SLC Costco sells the 5 pack of Park City tickets for 339.99.  The also sell 2 Canyon lift tickets for $140.  You can buy them over the phone and have them shipped (I didn't ask how much that was because the woman who does the sales was not available at the time I called).  The woman I spoke to said they have "a lot of them".  I also called the Sterling (VA) Costco- they also have the Park City 5 pack for the same price.  The woman I spoke with there did not know if they had the Canyons...


----------



## Carlsbadguy (Nov 23, 2012)

My local Costco in San Diego also has the 5 pack of Park City tickets.


----------



## ondeadlin (Nov 23, 2012)

Those are good prices, but you should also check Liftopia.com.  There are some dates where Liftopia offers a lower average price for both Park City and the Canyons.


----------



## slum808 (Nov 23, 2012)

Are there any deals out there for snowbird or solitude?


----------



## ondeadlin (Nov 25, 2012)

slum808 said:


> Are there any deals out there for snowbird or solitude?

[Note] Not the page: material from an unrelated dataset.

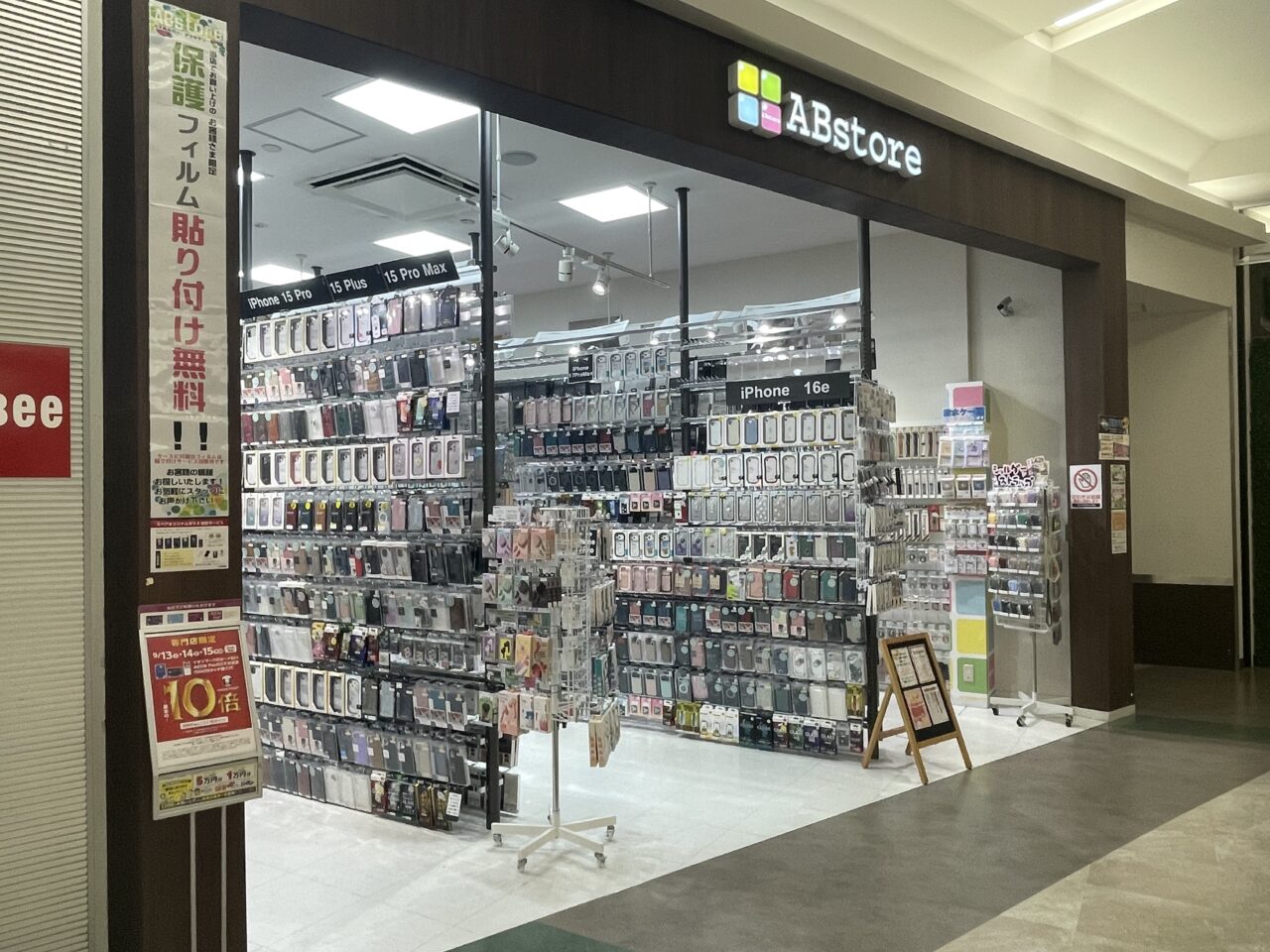 AB storeは、スマートフォン関連の雑貨やアクセサリーを取り扱う専門店です。スマホケースや保護フィルム、イヤホン、充電ケーブル、モバイルバッテリーなど、スマートフォン周りのアイテムを幅広く取り揃えています。

There are deals for both on Liftopia.


----------



## dryden (Nov 25, 2012)

I looked at Lifttopia but Costco seems to be the better deal.  We're going Dec. 22-29.  From what I understand, there are no blackout dates for the Costco tickets.

I found this that looks like a great deal for Alta, Snowbird, Solitude and Brighton.
http://www.visitsaltlake.com/ski/superpass/

Also found this on groupon: http://www.groupon.com/deals/marty-s-ski-board-shop  $12 edge & wax beats any local rates near me.


----------



## ondeadlin (Nov 25, 2012)

The Superpass generally doesn't offer much of a discount.

At Brighton, for example, the full-price lift ticket is $64, and you can often pay less on Liftopia.  The Superpass, by comparison, costs $71 or more per day unless you're buying 7 or more days, and then it drops to $69 per day.

At Solitude, the window price for two or more days is $69, and, again, you can often beat that on Liftopia.

It's offers a small discount (usually) at Alta and Snowbird, and you do get the free bus pass with the Superpass, and if you use it, it's valuable.

Another good deal is the quick start program in Park City, where you can ski free the day you fly in - I've used it before at Deer Valley, great value:

http://www.visitparkcity.com/quickstart/?quickstartstep=1


----------



## LisaRex (Nov 26, 2012)

Do the 5-pack Park City lift tickets have an expiration date? We're heading to Park City in early March.  Can they be used by multiple people (e.g. 2 people in one day) or are they like Disney tickets, which are non-transferable?


----------



## DazedandConfused (Nov 27, 2012)

LisaRex said:


> Do the 5-pack Park City lift tickets have an expiration date? We're heading to Park City in early March.  Can they be used by multiple people (e.g. 2 people in one day) or are they like Disney tickets, which are non-transferable?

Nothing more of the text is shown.